* **ABOUT THIS EXERCISE**
From the entries below, write out exactly the lines between the line holding "8 vnt. Escobar, 8" and the line holding "테마변경으로 사진 첨부해서 원하는 그림으로 수박게임을 만들 수 있다", inclusive, excluding any pictures.

* **RECORDS FOR THE TASK**
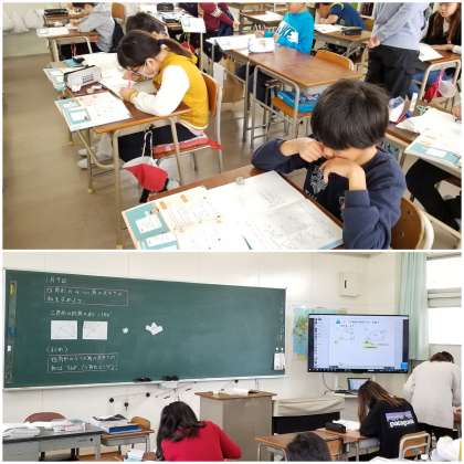 5年生は、三角形の内角の和が180度ということをもとに、四角形の角度を求めています。
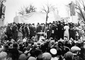 Keywords: Unveiling of the Bell Telephone Memorial, October 24, 1917, in Brantford, Ontario Canada.jpg en From the Brantford Public Library's website <br/> Member of Parliament W F Cockshutt first broached the idea of building a memorial in honour of Alexander Graham Bell the inventor of the telephone The Bell Telephone Memorial Association was incorporated in 1906 Over 65 000 was raised through donations from the federal and provincial governments and from citizens in Brant County and elsewhere <br/> In 1908 sculptors were asked to submit plans for the memorial to the designs committee Walter S Allward of Toronto won the competition The memorial was originally supposed to be completed by 1912 but was actually not finished until five years later The site chosen for the monument was in Bell Memorial Gardens a small park bounded by Wellington King and West Streets <br/> The memorial was designed by Allward to symbolize the telephone's annihilation of space A series of steps go up to the main section where the figure Inspiration appears over a reclining male figure while the floating figures of Knowledge Joy and Sorrow are positioned at the other side At each end of the memorial there are two female figures representing humanity To commemorate the invention of the telephone by Alexander Graham Bell in 1874 is inscribed on the monument <br/> The Duke of Devonshire the Governor General of Canada unveiled this memorial on October 24 1917 Brantford Expositor October 24 1917 p 1 <br/><br/> Alexander Graham Bell made a speech and presented the Governor General with a commemorative silver telephone seen on the table centre http //brantford library on ca/archive/index php/archive/download/HistoricSitesandMonuments pdf Pg 2 Creator Park Co 1917-10-24 unknown PD-Canada PD-old Unveiling of the Bell Telephone Memorial Bell System Park Co |
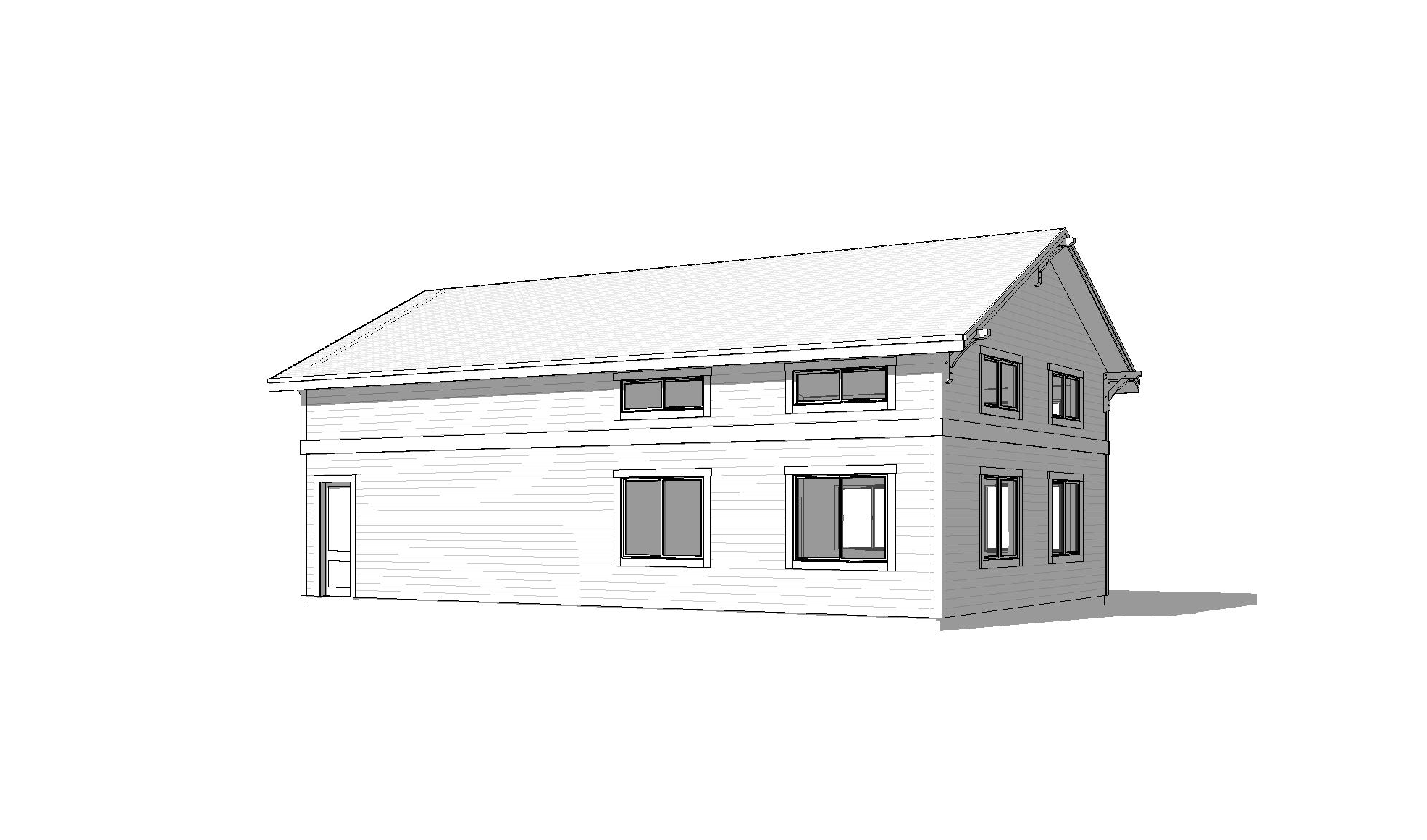 clean modern barndominium architectural exterior home rendered in cinematic vibrant golden hour lighting with blue skies and vibrant clouds barndominium in a lush beautiful forest setting with green grass and dense trees surrounding the property warm glow and reflections off of the windows select grade horizontal white hardie siding green manicured landscape around structure with gardens and grass black standing seam metal roof high fidelity photorealistic visualization crisp shadow falloff refined facade geometry soft atmospheric depth premium architectural photography mood ultra clean composition and materials photorealistic render black trim around the windows and doors prominent trees scattered around the property black window trim and posts black man door
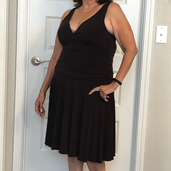 Lovely dark chocolate knit sleeveless dress with rouching and full skirt.
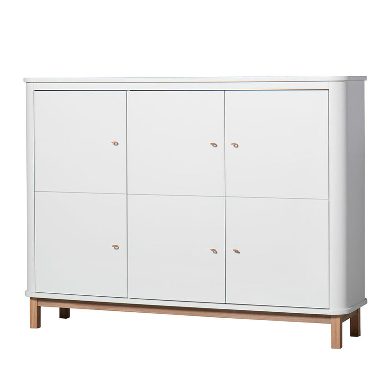 Wood multiskab fra danske Oliver Furniture er ideelt til opbevaring af tøj, legetøj og samleobjekter, eller som et lille klædeskab i hjem med skråvægge på grund af dets beskedne højde. Multiskabet har 3 låger m. kernelæder greb, og er fremstillet i hvidt træ med sokkel i egetræ. Skabet er fra serien Wood Collection, og leveres med en gennemgående fastmonteret hylde samt 2 smalle og 2 brede hylder, som kan monteres efter eget ønske.
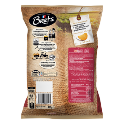 Chips de pommes de terre saveur bacon grillé - Ingrédients : Pommes de terre* (France) (62%), huile de tournesol (32%), arômes naturels, sel, oignon en poudre, sucre, sucre caramélisé, graisse de porc fumée, épices (poivre noir, poivre blanc, noix de muscade), correcteur d’acidité : acide citrique, bacon en poudre, ail en poudre, sucre fumé.
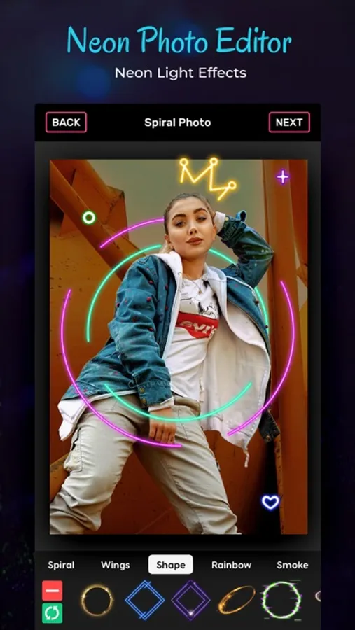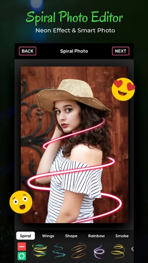 Spiral Photo Editor: Neon Effects, Heart Spiral, Shape Spiral, Neon Spiral, Wing Spiral & Emoji Spiral For Creating Unique and Smart Photo like Studio Effect.
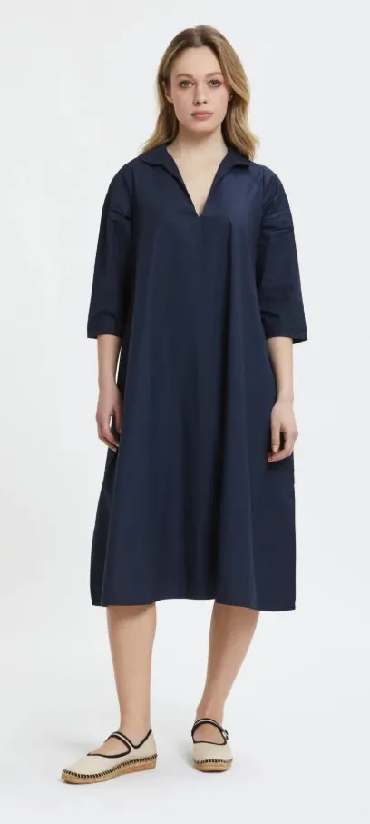 Retails for $275 Excellent Condition - no flaws or stain Designer Size 2 = Universal Size Medium Stunning Italian poplin cotton midi dress in black - perfect for the office, dinner dates, weekend fun, and everything in between. Features: Lightweight Three Quarter Sleeve V Neckline Midi Length Relaxed Fit Flowy Style Italian made 100% Cotton Machine wash gentle Approximate Measurements - laid flat / no stretch: Bust: 44” / armpit to armpit: 22” Length: 44”
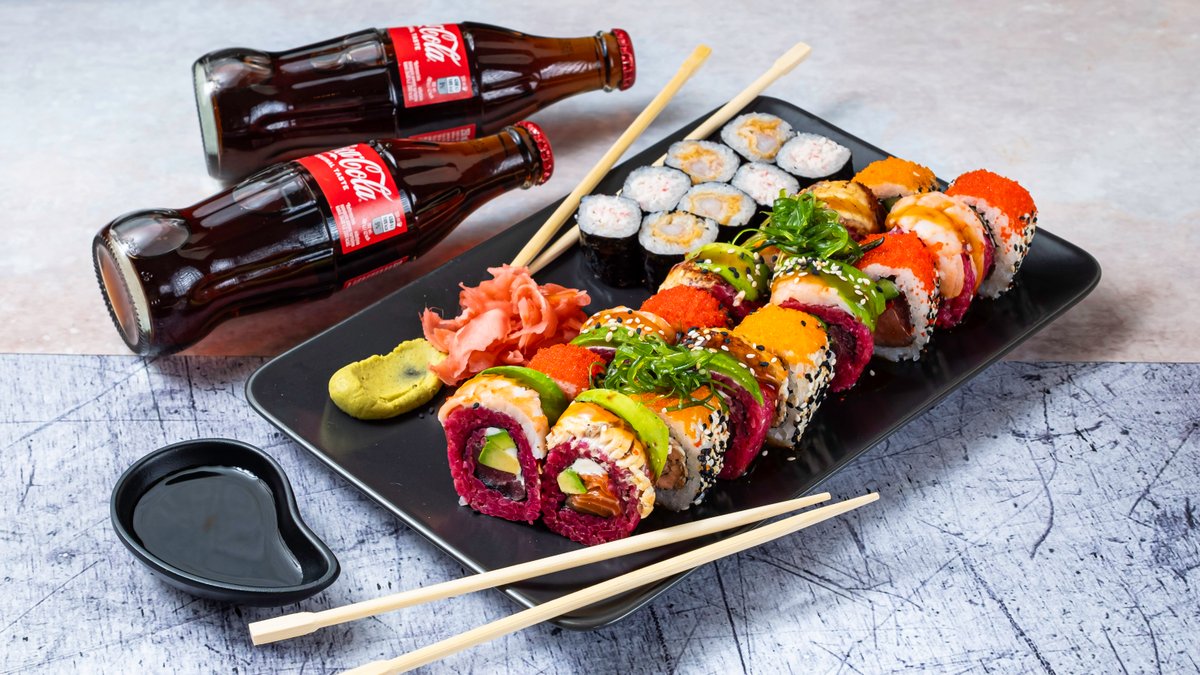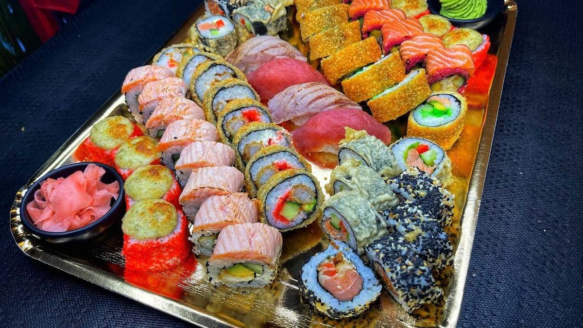 8 vnt. Escobar, 8 vnt. Jelapeno Maki, 8 vnt. Salmon Maki, 8 vnt. California, 8 vnt, Sunrise, 8 vnt. Tokyo *Ikrų spalva gali skirtis nuo nurodytos nuotraukoje
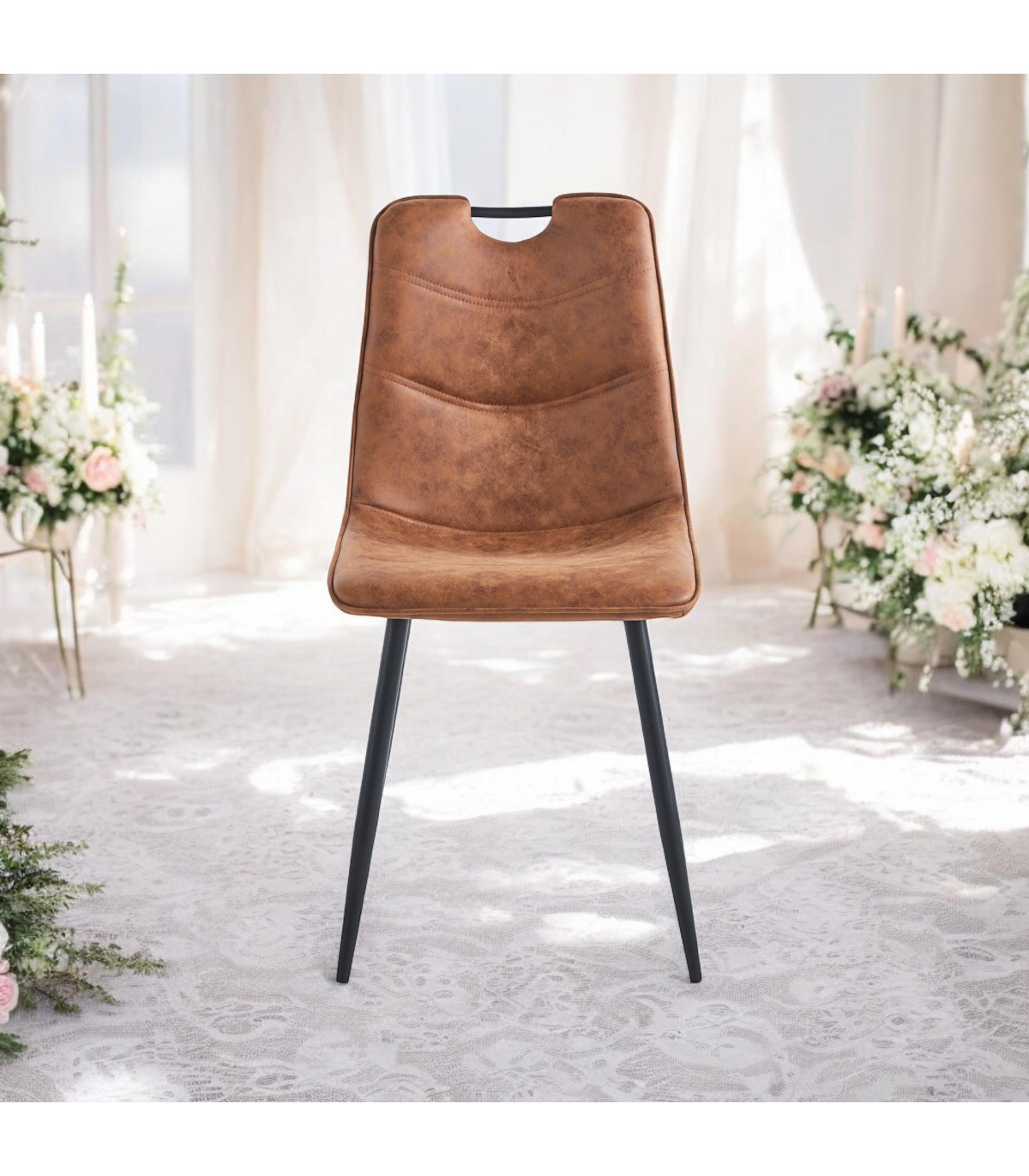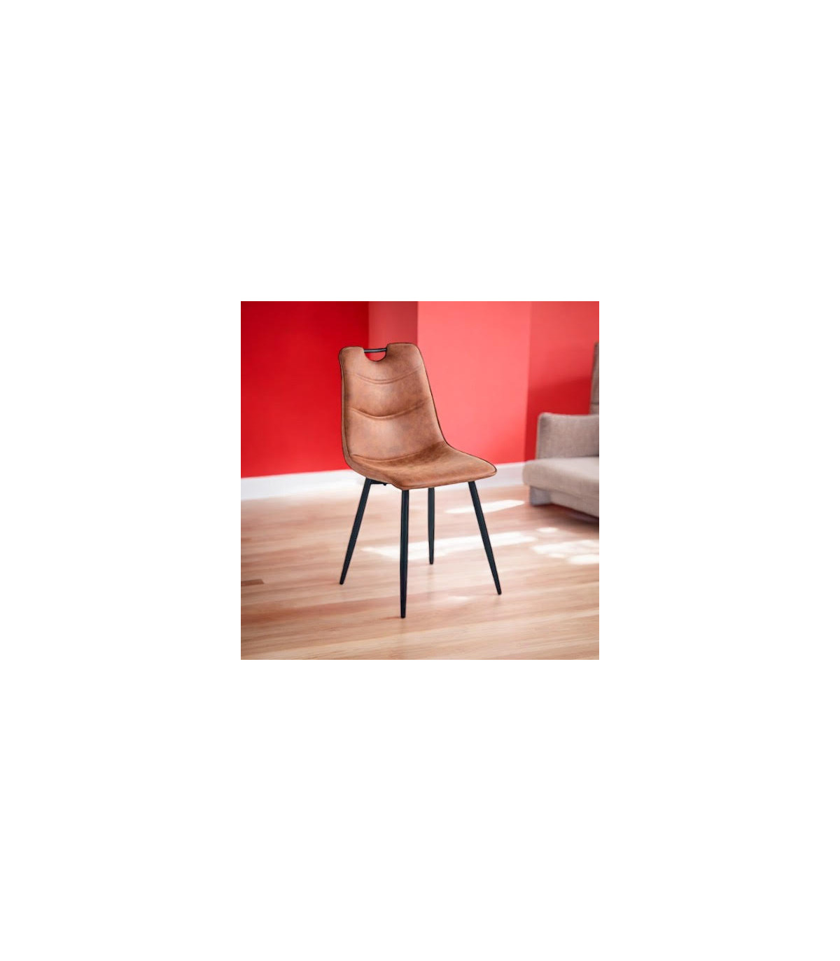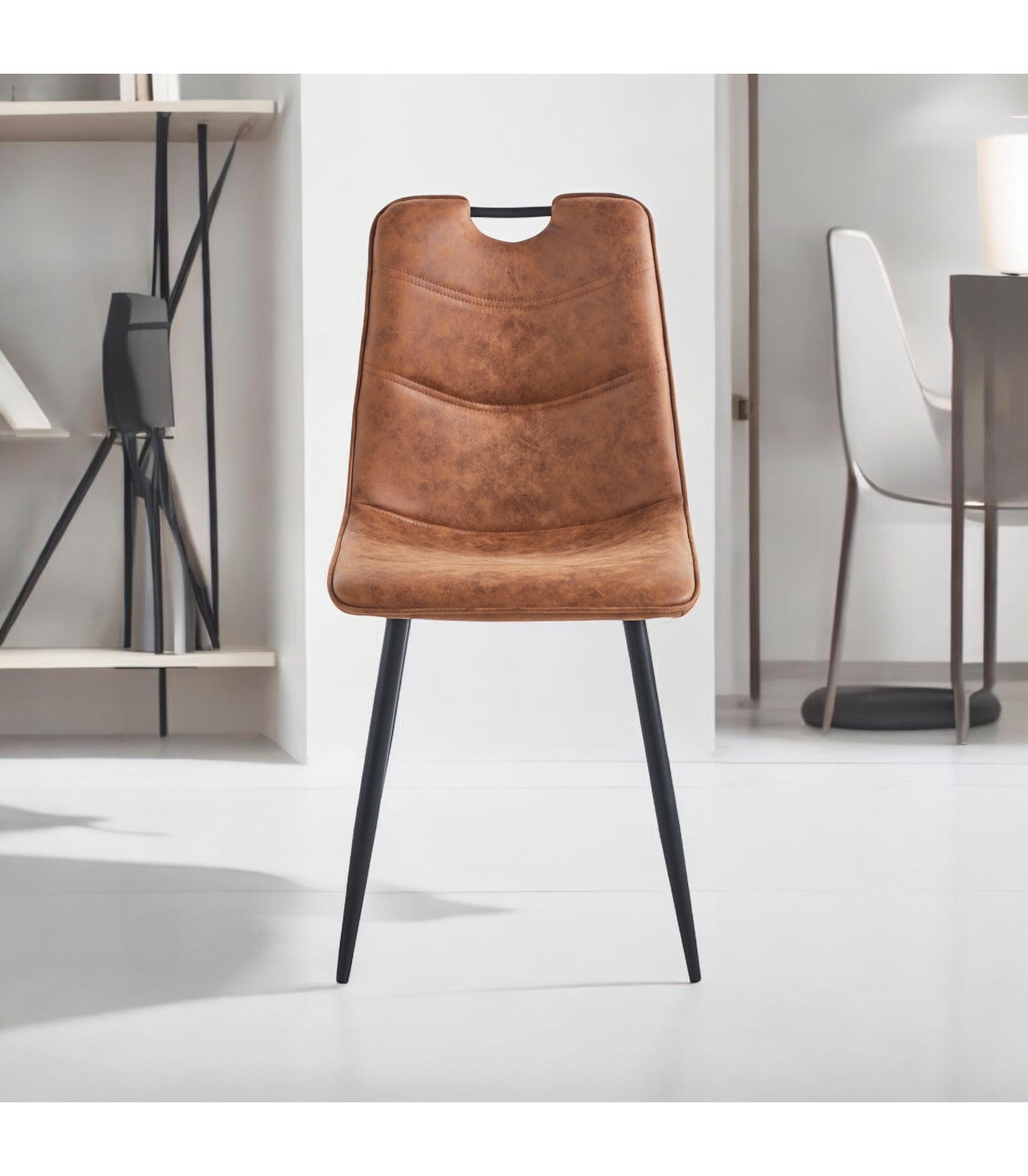 BROWN FAUX LEATHER CHAIR BLACK METAL LEGS
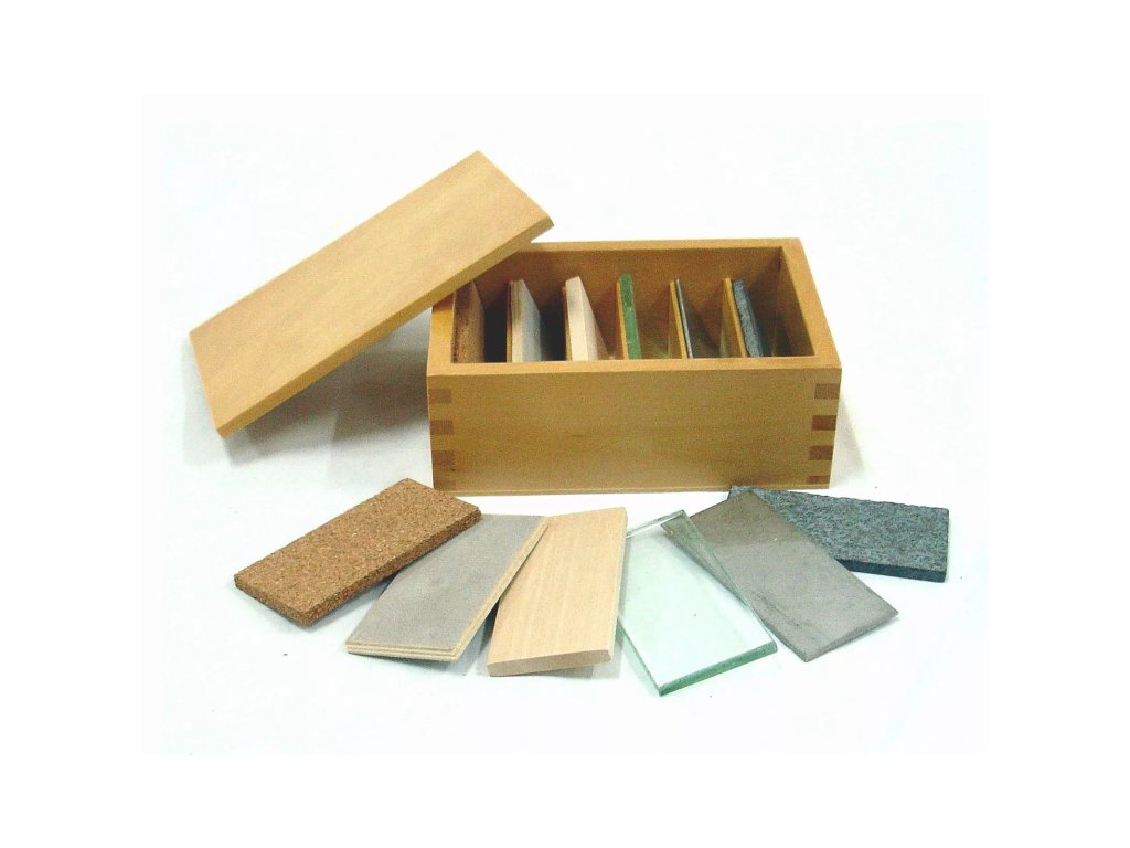 Krabička obsahuje šest párů destiček, které se liší svými tepelně vodivými vlastnostmi jako: dřevo, plsť, korek, sklo, mramor a železo.
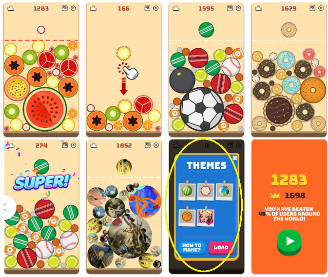 테마변경으로 사진 첨부해서 원하는 그림으로 수박게임을 만들 수 있다
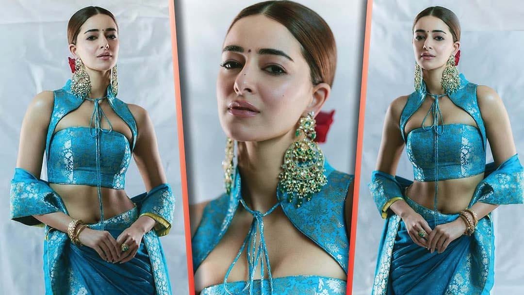 एक्ट्रेस ने इस बार ब्लू बनारसी साड़ी को चुना है, जिसमें बेहद बारीक गोल्डन जरी की कारीगरी की गई है। साड़ी पर किया गया हैंडवर्क इसे और भी एलिगेंट बना रहा है। अनन्या ने पल्लू को ट्रेडिशनल तरीके से नहीं, बल्कि रैप स्टाइल में लिया है, जिसमें उनका कर्वी फिगर फ्लॉन्ट हो रहा है। अनन्या के इस लुक को लेकर सबसे ज्यादा चर्चा उनके हॉल्टर नेक ब्लाउज पर हो रही है। इस ब्लाउज में मॉडर्न और ट्रेडीशनल का परफेक्ट मिक्स देखने को मिल रहा है। पीछे की ओर दी गई डोरी पूरे लुक का फोकस नेकलाइन पर ले आ रही है। इसी ब्लाउज को देखते हुए कई फैंस ने उन्हे ट्रोल भी किया है, लोगों का सवाल है कि उन्होंने इतना टाइट ब्लाउज कैसे मैनेज किया?

* **WRITTEN SOLUTION**
 8 vnt. Escobar, 8 vnt. Jelapeno Maki, 8 vnt. Salmon Maki, 8 vnt. California, 8 vnt, Sunrise, 8 vnt. Tokyo *Ikrų spalva gali skirtis nuo nurodytos nuotraukoje
 BROWN FAUX LEATHER CHAIR BLACK METAL LEGS
 Krabička obsahuje šest párů destiček, které se liší svými tepelně vodivými vlastnostmi jako: dřevo, plsť, korek, sklo, mramor a železo.
 테마변경으로 사진 첨부해서 원하는 그림으로 수박게임을 만들 수 있다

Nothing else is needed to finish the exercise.